Há muito que deveria ter colocado o texto poético que inspirou o nome deste espaço, palavra de letras, sobretudo para os que desconhecem essa obra maior de dois músicos de ambos os lados do atlântico, que num só texto, melodia e mundo, “fabricaram” o que tomo por concepção da poesia: e se por estas bandas se fala pouco de “amor”, é só para que mais intensamente se viva!… e como este texto, A Barca dos Amantes, é para este humilde, nada mais ou nada menos que uma metáfora das grandes, que nos remete para o autêntico significado da poesia… metamorfose perfeita entre palavra e palavra de vida!

Obrigado, pelo muito que dizem e dirão, Caros Sérgio e Milton

Colmeal Velho, 7 de Abril


A Barca dos Amantes

Ah, quanto eu queria navegar
P'ra sempre a Barca dos Amantes
Onde o que eu sei deixei de ser
Onde ao que eu vou não ia dantes

Ah, quanto eu queria conseguir
Trazer a Barca à madrugada
E desfraldar o pano branco
Na que for terra mais amada

E que em toda a parte o teu corpo
Seja o meu porta-estandarte
Plantado no céu mais fundo
Possa agitar-me no vento
E mostrar a cor ao mundo

Ah, quanto eu queria navegar
P'ra sempre a Barca dos Amantes
Onde o que eu vi me fez vogar
De rumos meus, a cais errantes

Ah, quanto eu queria me espraiar
Fazer a trança à calmaria
Avistar terra e não saber
Se ainda o é quando for dia

E que em toda a parte o teu corpo
Seja o meu porta-estandarte
Plantado no seu mais fundo
Possa agitar-me no vento
E mostrar a cor ao mundo

Ah, quanto eu queria navegar
Pra sempre a Barca dos Amantes
Onde o que eu sei deixei de ser
Onde ao que eu vou não ia dantes

Ah, quanto eu queria me espraiar
Fazer a trança à calmaria
Avistar terra e não saber
Se ainda o é quando for dia

(Sérgio Godinho/Milton Nascimento)

|imagem: Leonardo B.trabalha no CPT, com imagens Google|

8 comentários:

Liene disse...

Leonardo,

O amor apesar de todas as dores ainda é amor.
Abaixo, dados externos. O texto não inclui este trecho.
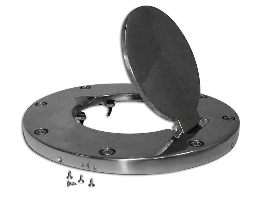 Stylish and Protective. Coated in a sleek brushed aluminum finish, this non-locking fuel door will provide added styling to your Wrangler. It is resistant to all types of weather and corrosion, and protects against accidental gas spills too.
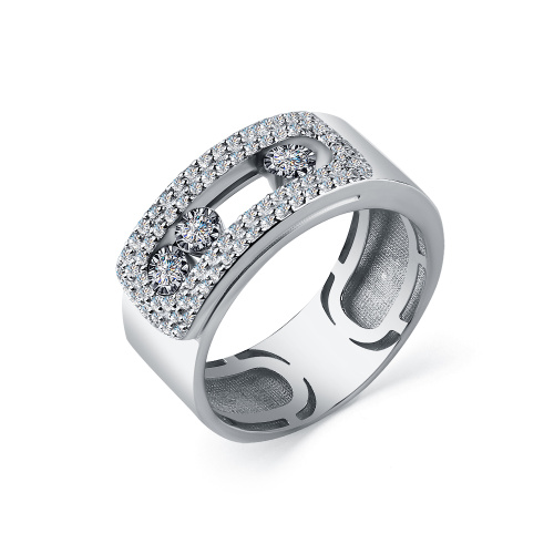 Роскошное объёмное кольцо, украшенное сверкающими бесцветными бриллиантами, выполнено из белого золота 585 пробы
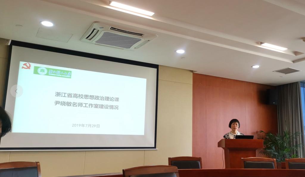 其中,第四分论坛由余龙进、尹晓敏和孙叶飞等三个浙江省高校思政名师工作室承办,论坛上,还介绍了三个省级名师工作室的建设情况。尹晓敏老师作为第四分会场的承办方进行了关于浙江树人大学名师工作室建设的主题报告。
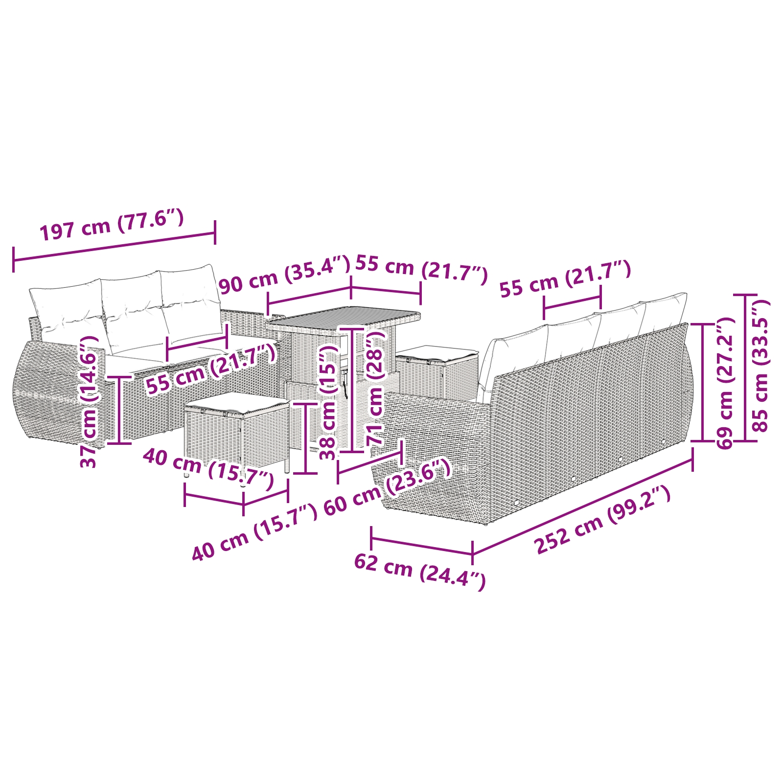• Vysoká kvalita: Vyrobené z odolných materiálov, ako je UV-odolný poly ratan, táto súprava je navrhnutá pre dlhú životnosť a ľahkú údržbu.
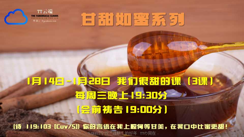 0.MainTT云端主页TTCloud.TT云端 PRESENCE IN THE AIR 神的同在,在空中 愿2026年, 风浪中遇见主, 风暴中经历主, 云彩中亲近主, 圣殿中亲密主。耶和华坐着为王,洪水泛滥;耶和华坐着为王,直到永远。诗篇 29:10 TT云端祝贺 愿5786连接连臂连行连贯连结临到你 愿2026联谊联钉联席联合联络成全你 过个双“连联”的好年!TT云端祝贺 TT云端来临精彩聚会 回顾上周直播课程 点击海报进入各系列页面——————————————————————————————————————————————到站访次 0 关注我们的频道 Rhema神的话 - 我们の课程点击海报进入各系列页面 七个生命核心根基系列- - - 甘甜如蜜系列-我们很甜- - 5786.2026系列- TT云端秋季贺岁特约- TT云端2026跨年特约-甘甜如蜜系列- TT云端春节贺岁特约-灵的人参6.0-七个生命核心根基 Makarios启示录 (启 1:3 [Cuv/S]) 念这书上预言的和那些听见又遵守 其中所记载的,都是有福的,因为日期近了。 5785.2025系列- TT云端秋季贺岁特约- TT云端2025跨年特约- TT云端春节贺岁特约 战胜哈曼系列- 胜过哈曼的众子- 胜过哈曼的朋友- 我们一起操练胜过(蓝房、铭心) 5784.2024系列- TT云端犹太新年特约- TT云端2024跨年特约- TT云端春节贺岁特约 我的圣灵系列 5783.2023系列- TT云端犹太新年特约- TT云端2023跨年特约- TT云端春节贺岁特约 眼泪系列 属灵真相与当代世界 5782.2022系列 TT云端春节贺岁特约 TT云端跨年特约 神的代祷者系列 精英讲座系列 泥土系列 灵的成长系列点击海报进入各系列页面 Pnuema神的灵-我们の敬祷 与主“铭心”时刻我们谈心,我们交心,我们说心 ,我们与彼此连心,我们与主铭心 蓝房300TT云端祷告歌唱敬拜房间 (士 7:7 [Cuv/S]) 耶和华对基甸说:我要用这餂水的三百人拯救你们.... 我们の敬拜祷告网聚会系列 FLOW OF HOLY SPIRIT 圣灵的流 灵的人参 40 5.0(5785-2025)---灵的人参40 3.0(5783-2023)我们约好了一起每年禁食四十天 TCréative创作+-我们の创作T Créative创作+先知性绘画 先知性绘画-赛 4.23 先知性绘画-诗 66.12 T Créative创作+新歌 我们的联系 我们谈心,我们交心,我们说心 Email 邮件:[email protected] Enigma 隐匿码:ttyunduan 联系我们请在浏览器中启用JavaScript来完成此表单。Name 姓名 *Email 邮件 *Testimony or Prayer Request 见证分享与代祷需要 *Send Message 发送 回到主页

Milton soube garimpar cada letra, cada som e transformar através de uma linguagem simples a essência desse sublime sentimento.

Sempre há amor e onde houver alguém em nome desse sentimento a vida tomará um brilho especial...

"O amor bateu na porta
Eu de dentro respondi
Minha casa é aberta
Pode entrar, estou aqui"

Vida - Milton Nascimento

Um grande abraço...

Germano Xavier disse...

Bom saber das origens desta casa, amigo.
Também o Milton em mim faz estragos bons.

Continuemos...

manuel marques disse...

Um timoneiro que se preze continua a navegar mesmo com a vela despedaçada ...

Abraço.

Taty Cascada disse...

Milton Nascimento, es un compositor maravilloso, intenso y sensible.
Un abrazo Leonardo.

Danilo de Abreu Lima disse...

eonardo,
sou mineiro, com milton, e ouço suas músicas desde os anos 70- cantor afinadissimo, músico excelente, voz de anjo- e o amor, ah, o amor, sempre no ar, apresar de tanta voz em contrário.
parabéns pelo blog- muito bonito
danilao.

Eliana Mora [El] disse...

uma bela canção, a poesia do querer, do navegar 'é' sim, preciso, do desejo, sempre

bela postagem

beijo,
El

Adriana Godoy disse...

Leonardo B, pois é, eu como mineira me sinto gratificada de ver Milton em suas páginas. A Barca dos Amantes continua distribuindo belos poemas para os corações apaixonadosou não.
Parabéns por todo seu trabalho.

Beijo

marlene edir severino disse...

"Antes de ser feito com o corpo, o amor é feito com as palavras." diz Rubem Alves.

Que continue a barca a singrar os mares!

Abraço carinhoso deste lado do mar, Leonardo!